İntihar girişiminde bulunan genç kızın avukatı Tolga Turgut, geçen yıl mayıs ayında savcılığa verdiği dilekçesinde, müvekilinin apartmanın 4'üncü katından atlayarak intihar girişiminde bulunduğunu, halen yatağa bağlı şekilde yaşamını sürdürdüğünü, bir daha yürüyememe tehlikesiyle karşı karşıya olduğunu belirtti. Müvekkilinin teşebbüsünün, olay yerine gelen muhabirlerce saniye saniye görüntülendiğini kaydeden Turgut, "Kamera kayıtlarında, intihar girişimi sırasında itfaiye görevlilerinin ivedi olarak açmaları gereken hava yastığı ya da brandayı zamanında açmadıkları görülüyor. Olay anında psikolojisi her an atlamaya müsait olan, hal ve hareketleri, özellikle de ağlamasından bu hali belli olan müvekkilimin durumu, görevlilerce gözardı edilmiştir. Görevliler 'Nasıl olsa atlamaz, iner' düşüncesiyle yavaş hareket etmişlerdir. Elbette bu sonucu görevliler istememiştir, ancak onların yavaş hareket etmeleri sonucu müvekkilimiz ağır şekilde yaralanmış ve bu üzücü sonuç ortaya çıkmıştır" dedi.

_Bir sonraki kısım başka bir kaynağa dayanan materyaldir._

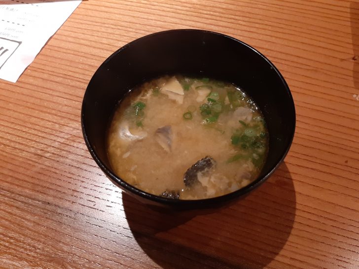 最後にサービスであら汁が提供されました。これも美味しかったですね。新鮮な魚のあらを使っているので、良い出汁が出ているからでしょうね。

İtfaiye görevlilerinin 'görevi ihmal' suçundan yargılanmasını talep eden Avukat Tolga Turgut, çeşitli haber kanallarında yayınlanan, olaya ilişkin görüntüleri de delil olarak İzmir Cumhuriyet Başsavcılığı'na verdi.
İzmir Büyükşehir Belediyesi İtfaiye Daire Başkanı Fuat Barandır, olayın ardından yaptığı açıklamada itfaiyenin görevini tamamıyla yerine getirdiğini belirtti, A.A.'nın içeri girip, aniden atlaması nedeniyle hava yastığının kenarına düştüğünü söyledi.
Soruşturmayı yürüten savcılık, olay sırasında görevli olan ve suçlanan itfaiye erleri hakkında Valilikten soruşturma izni istedi. Valilik, itfaiyeciler hakkında soruşturma izni vermedi. Bunun üzerine A.A'nın avukatı Tolga Turgut, soruşturma izni verilmesi için İdare Mahkemesi'ne başvurdu. İdare Mahkemesi'de Valiliğin kararının doğru olduğunu belirterek, itfaiyeciler hakkında dava açılmasına yer olmadığına karar verdi.